== About this exercise ==
Transcribe the data exactly. Pictures stay out.

== The data ==

------------------------------------------------------------------------

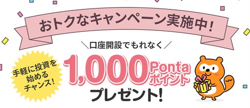 - 【口座開設でもれなくPontaポイント1,000Pontaポイント プレゼントキャンペーン!】
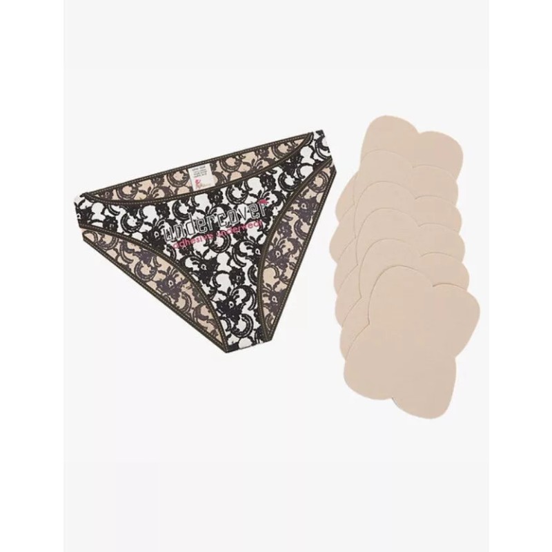 The Under cover Adhesive Underwear is the only tried and true way to avoid panty lines by allowing you to ditch the panties but keep the protection. Simply peel off the backing, stick this ingenious underwear alternative right to your pants or shorts. UnderCover adhesive underwear is made of hygienic soft, brushed 100 percent cotton and comes in beige discretion. The heart shape is designed to fit to your body while adhering well to Pants.
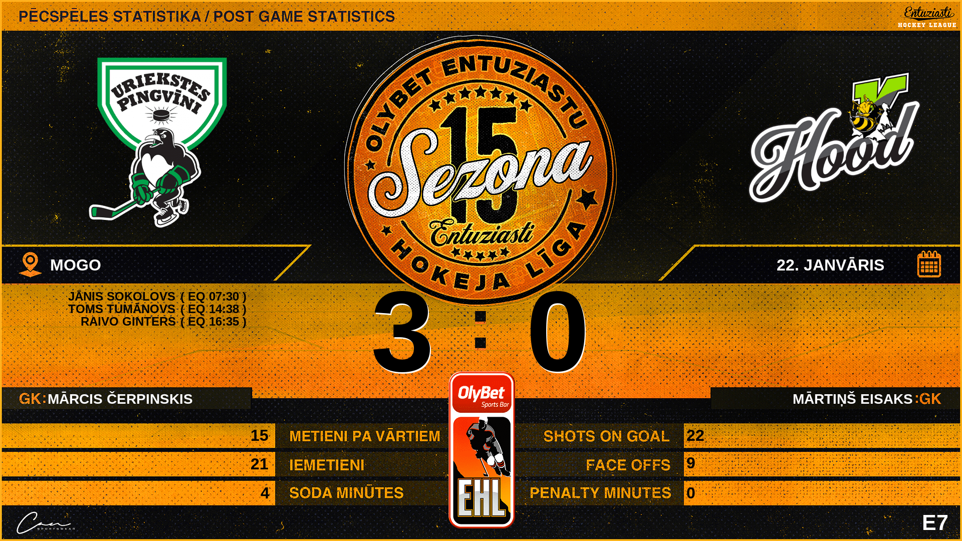 | 07:30 | UPG | Vārti (EQ) | #16 Jānis Sokolovs, piespēles: #41 Rihards Trautmanis |
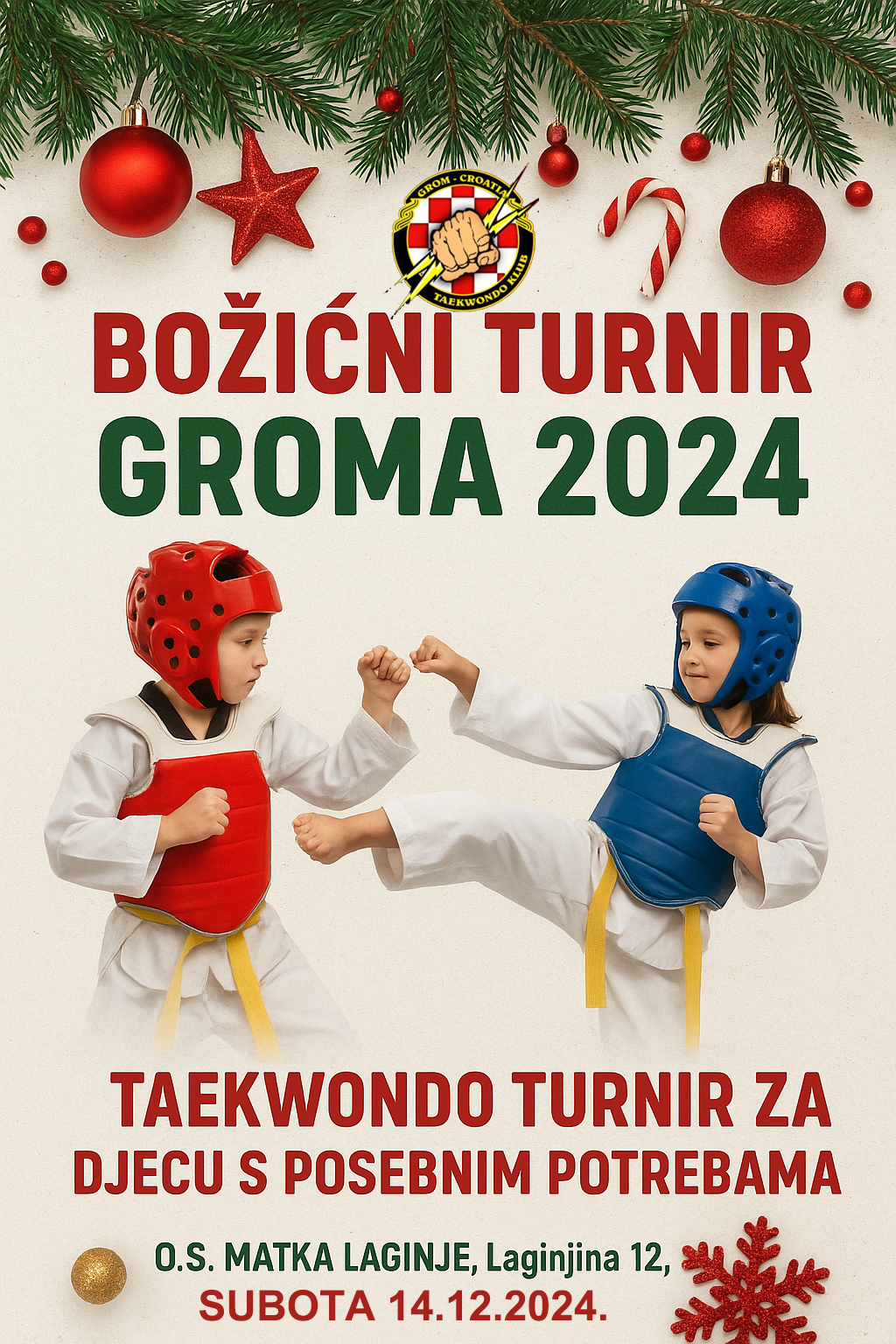 Dana 14.12.2024. godine u OŠ Matko Laginja održalo se prijateljsko taekwondo natjecanje „BOŽIĆNI KUP GROMA 2024“ mlađih dobnih skupina te skupina djece sa posebnim potrebama (ADHD, epilepsija i Downow sindrom) te kroničnim bolestima. Ovo natjecanje organizirano je sa željom približavanja taekwondo sporta djeci sa posebnim potrebama koja pohađaju treninge i o kojima uz ostale brine i naš klub kroz svakodnevni rad te djeci mlađih dobnih skupina. Cilj nam je upoznati ih sa ljudskom potrebom za gibanjem i zdravim životom. Projekt natjecanja „BOŽIĆNI KUP GROMA 2024“izveden je po projektnoj dokumentaciji taekwondo kluba „GROM CROATIA“.

------------------------------------------------------------------------

== Task result ==
 - 【口座開設でもれなくPontaポイント1,000Pontaポイント プレゼントキャンペーン!】
 The Under cover Adhesive Underwear is the only tried and true way to avoid panty lines by allowing you to ditch the panties but keep the protection. Simply peel off the backing, stick this ingenious underwear alternative right to your pants or shorts. UnderCover adhesive underwear is made of hygienic soft, brushed 100 percent cotton and comes in beige discretion. The heart shape is designed to fit to your body while adhering well to Pants.
 | 07:30 | UPG | Vārti (EQ) | #16 Jānis Sokolovs, piespēles: #41 Rihards Trautmanis |
 Dana 14.12.2024. godine u OŠ Matko Laginja održalo se prijateljsko taekwondo natjecanje „BOŽIĆNI KUP GROMA 2024“ mlađih dobnih skupina te skupina djece sa posebnim potrebama (ADHD, epilepsija i Downow sindrom) te kroničnim bolestima. Ovo natjecanje organizirano je sa željom približavanja taekwondo sporta djeci sa posebnim potrebama koja pohađaju treninge i o kojima uz ostale brine i naš klub kroz svakodnevni rad te djeci mlađih dobnih skupina. Cilj nam je upoznati ih sa ljudskom potrebom za gibanjem i zdravim životom. Projekt natjecanja „BOŽIĆNI KUP GROMA 2024“izveden je po projektnoj dokumentaciji taekwondo kluba „GROM CROATIA“.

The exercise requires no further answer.